Nouveau message Post Numéro: 40  Nouveau message de Dog Red  Nouveau message 23 Jan 2016, 21:46

Alain Verwicht a écrit:D'accord pour dire que l'attaque aéroportée sur Eben-Emael et les ponts sur la Meuse est plutôt une action '' commando ''. Mais n'a t-elle pas influée sur le moral des troupes néerlandaises et belges ? Lorsque des aéroportés sont signalés l'on ne sait jamais combien et où...


Bonsoir Alain,

Sur les superstructures d'Eben, la surprise est brutale ! Plus brutale encore, les effets dévastateurs des charges creuses sur les tourelles blindées et leurs équipages horriblement mutilés !
L'impression d'être pris au piège comme des rats ne tarde pas à gagner l'ensemble de la garnison.
Sur les ponts du canal Albert, les sentinelles ne s'attendent pas forcément à voir l'ennemi déboucher des Pays-Bas.
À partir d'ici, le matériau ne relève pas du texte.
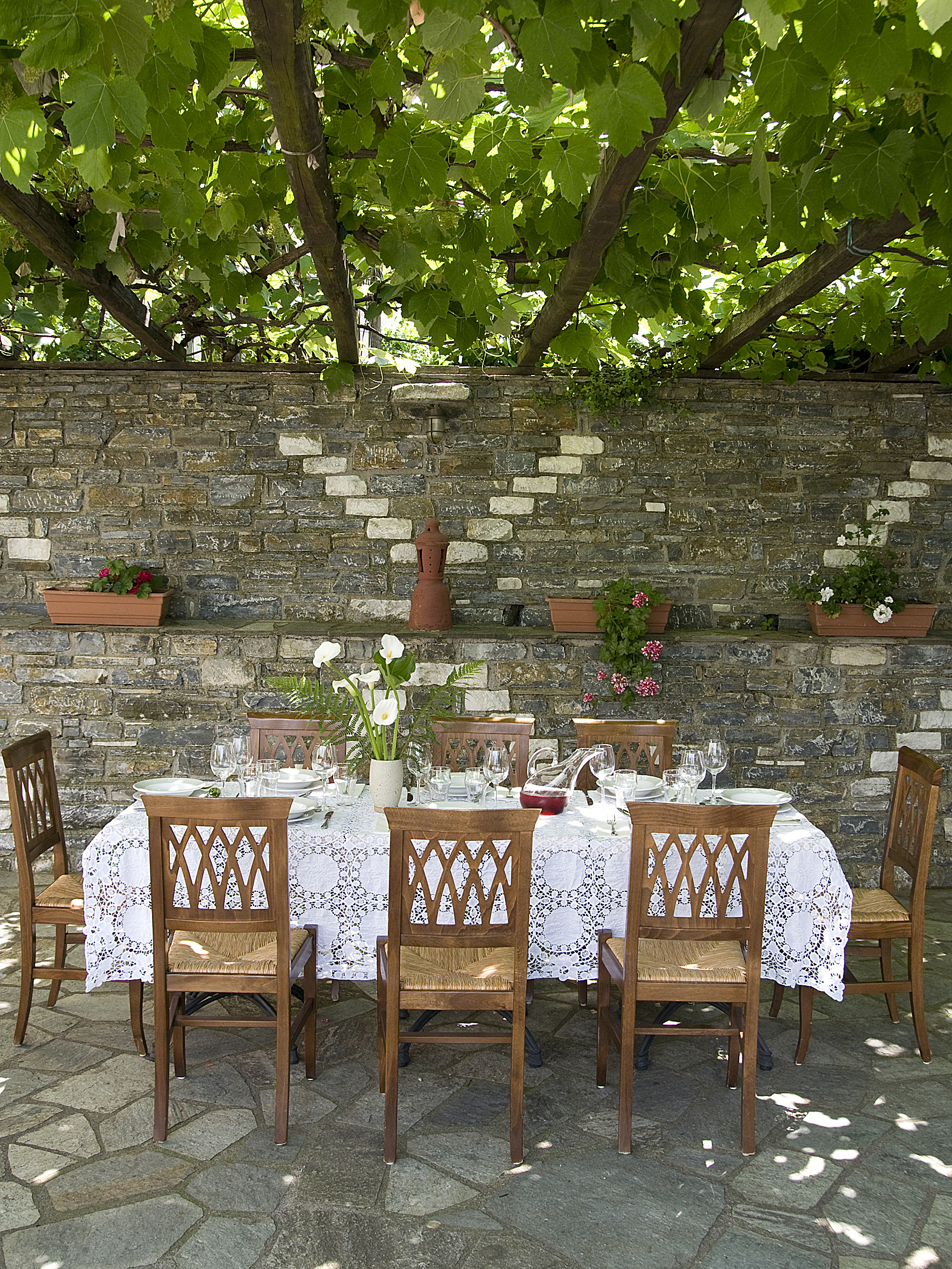 Ο καιροί όμως άλλαξαν και οι απαιτήσεις των επισκεπτών δεν θα μπορούσαν να περιοριστούν μόνο σε αυτά. Έτσι, η Λένα και ο Θοδωρής αποφάσισαν να χαράξουν τον δικό τους δρόμο και να αφήσουν το διαφορετικό αποτύπωμα τους στην πηλιωρίτκη φιλοξενία. Και μπορεί η κουζίνα διαρκώς να εξελίσσεται και να εμπλουτίζεται, κάποια πράγματα όμως, ευτυχώς παρέμειναν ίδια, όχι μόνο το όνομα της γιαγιάς Αλέκας στην ταμπέλα, αλλά και το μεράκι κι η αγάπη για τη μαγειρική, που φαίνονται σε κάθε πιάτο που ετοιμάζεται με τέτοιο ενθουσιασμό σαν να είναι η πρώτη φορά. Η ίδια φροντίδα διακρίνει και τις δύο σάλες του προσεγμένου εσωτερικού με το παλιό πέτρινο δάπεδο και το ξύλο να ντύνει ζεστά το χώρο, προσεκτικά διακοσμημένο με έργα τέχνης, από πίνακες και ψηφιδωτά έως φωτογραφίες και κεραμικά Ελλήνων καλλιτεχνών αλλά και το μουσικό χαλί κλασικής μουσικής που δημιουργεί μια ατμόσφαιρα γαλήνης και ηρεμίας. Η προσοχή στη λεπτομέρεια φαίνεται παντού, ακόμη και τα κεριά στα τραπέζια, φτιάχνονται από την ίδια την οικογένεια όπως και οι κεντητές στο χέρι πετσέτες- τέτοιο είναι το δημιουργικό τους μεράκι – και εν τέλει η ζεστασιά του χώρου αποζημιώνει στους μήνες που το κρύο δεν επιτρέπει να καθίσετε στη λουλουδιασμένη αυλή για να γευθείτε το ανοιξιάτικο ή το καλοκαιρινό μενού.

La neutralité rend les règles d'engagement compliquées et les Fallschirmjäger, eux, ne perdent pas une minute.
Pour autant, je n'ai jamais rien lu sur l'impact de l'assaut aéroporté sur l'armée belge à ce moment. Dès le 11 mai 1940, ce sont les 2 divisions Panzer déboulant de Hollande qui mettent à mal le moral de l'armée belge, obligée de se replier de la ligne de défense principale (la Meuse) vers la ligne KW...

Côté hollandais, les ponts sur la Meuse ne sont pas la cibles des paras. A Maastricht, les ponts sont en ville empêchant un assaut aéroporté. De mémoire, ce sont les Brandenbourgeois qui doivent s'emparer des ponts mais vont échouer. Et le franchissement de la Meuse ne se fera que dans l'après-midi, après que le génie ait pu garantir le passage.
Quid du moral hollandais après les parachutages notamment dans la région de Rotterdam ? Leur réduit national était violé! Mais avec quel impact ?
Pour les Hollandais, la crise morale est surtout due à la destruction de Rotterdam par la Luftwaffe le 14 mai.